RECORDS FOR PROCESSING:
- - - - -
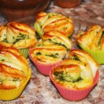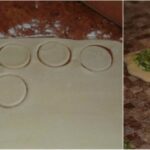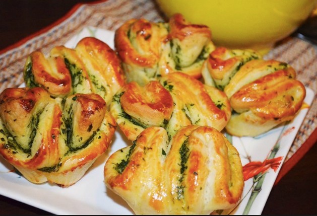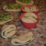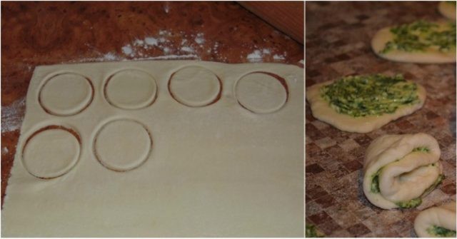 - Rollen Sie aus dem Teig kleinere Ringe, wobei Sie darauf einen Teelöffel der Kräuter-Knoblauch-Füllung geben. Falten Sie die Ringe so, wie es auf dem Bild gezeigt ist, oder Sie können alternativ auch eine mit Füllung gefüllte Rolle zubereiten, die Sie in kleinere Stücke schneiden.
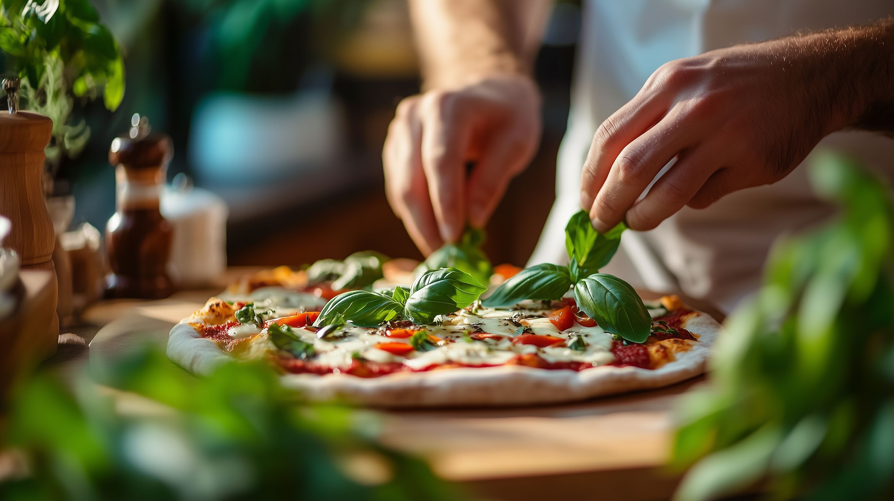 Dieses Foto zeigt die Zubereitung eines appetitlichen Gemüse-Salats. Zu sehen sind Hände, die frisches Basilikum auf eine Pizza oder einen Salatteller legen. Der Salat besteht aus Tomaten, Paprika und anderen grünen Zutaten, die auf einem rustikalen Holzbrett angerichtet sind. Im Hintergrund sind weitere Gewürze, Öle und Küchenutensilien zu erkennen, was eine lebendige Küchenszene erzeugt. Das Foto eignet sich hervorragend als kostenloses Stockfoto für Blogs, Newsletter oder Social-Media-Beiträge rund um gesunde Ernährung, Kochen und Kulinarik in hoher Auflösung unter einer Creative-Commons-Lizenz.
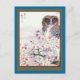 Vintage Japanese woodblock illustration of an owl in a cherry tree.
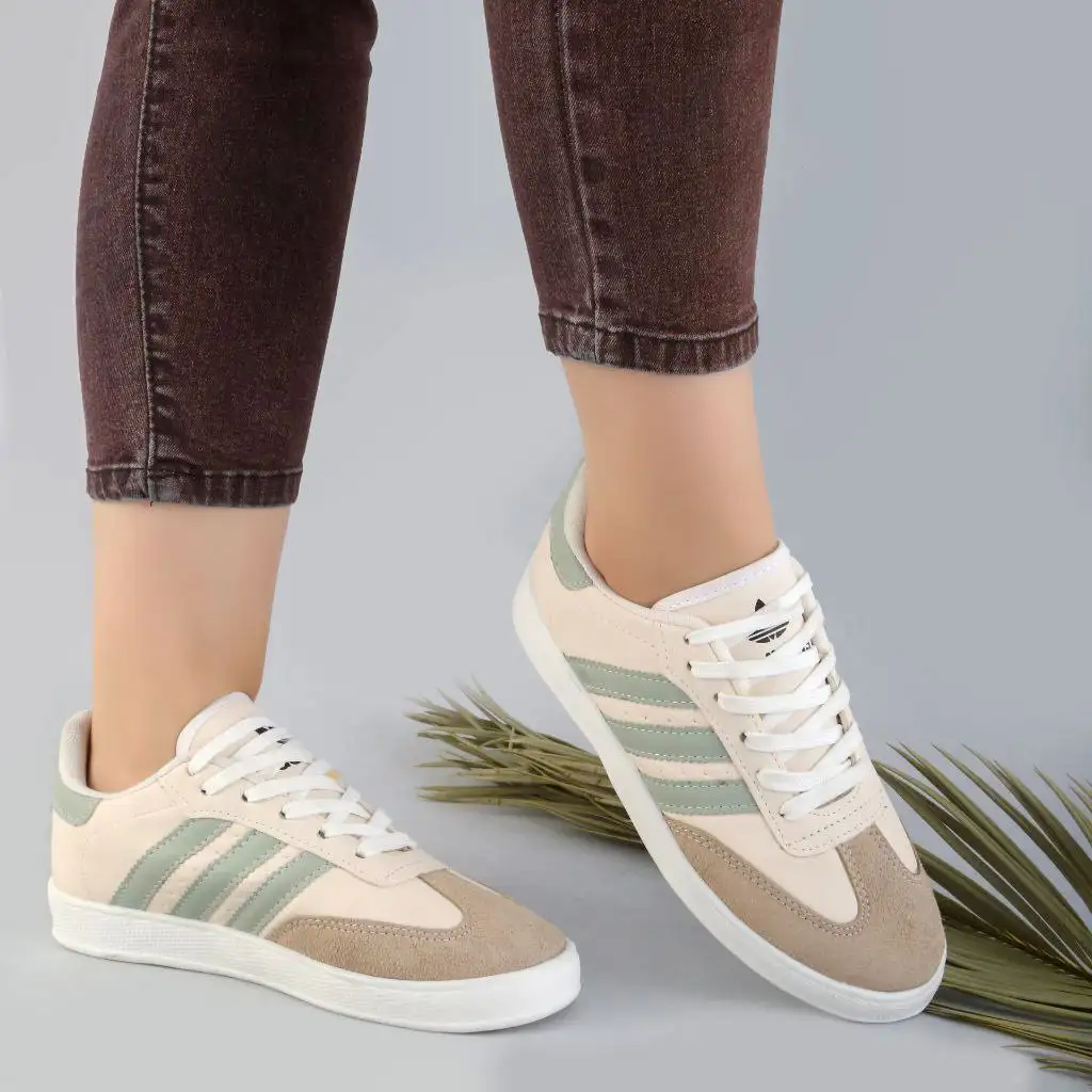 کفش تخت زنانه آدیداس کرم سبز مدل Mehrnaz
- - - - -
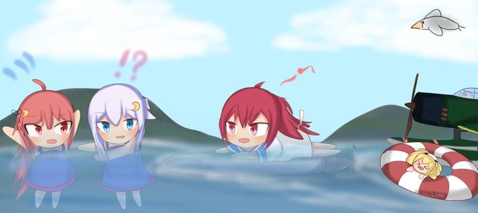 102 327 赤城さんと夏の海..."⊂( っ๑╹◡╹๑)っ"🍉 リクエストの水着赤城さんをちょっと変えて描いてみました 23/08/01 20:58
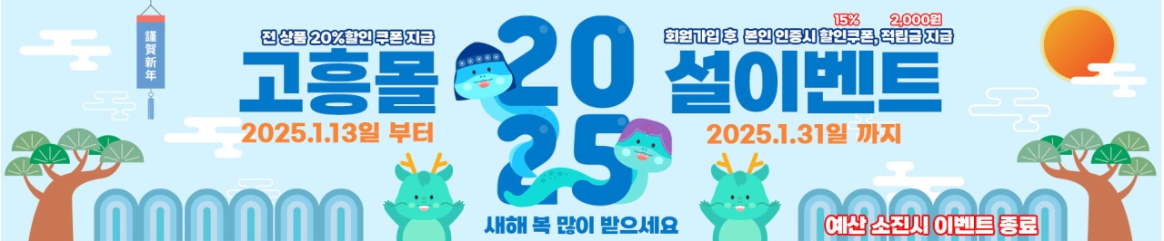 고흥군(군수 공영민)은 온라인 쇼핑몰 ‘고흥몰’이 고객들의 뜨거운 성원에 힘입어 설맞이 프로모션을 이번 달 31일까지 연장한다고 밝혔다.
- - - - -
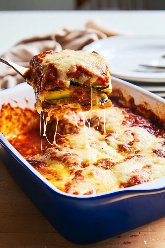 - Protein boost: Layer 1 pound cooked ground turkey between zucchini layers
- - - - -
WORK INSTRUCTION:
In the listing above, find the line with "リクエストの水着赤城さんをちょっと変えて描いてみました 23/08/01 20:58" and the line with "고흥군(군수 공영민)은 온라인". Copy exactly those lines and all between them, minus the images.

RESPONSE FOR THIS EXERCISE:
 102 327 赤城さんと夏の海..."⊂( っ๑╹◡╹๑)っ"🍉 リクエストの水着赤城さんをちょっと変えて描いてみました 23/08/01 20:58
 고흥군(군수 공영민)은 온라인 쇼핑몰 ‘고흥몰’이 고객들의 뜨거운 성원에 힘입어 설맞이 프로모션을 이번 달 31일까지 연장한다고 밝혔다.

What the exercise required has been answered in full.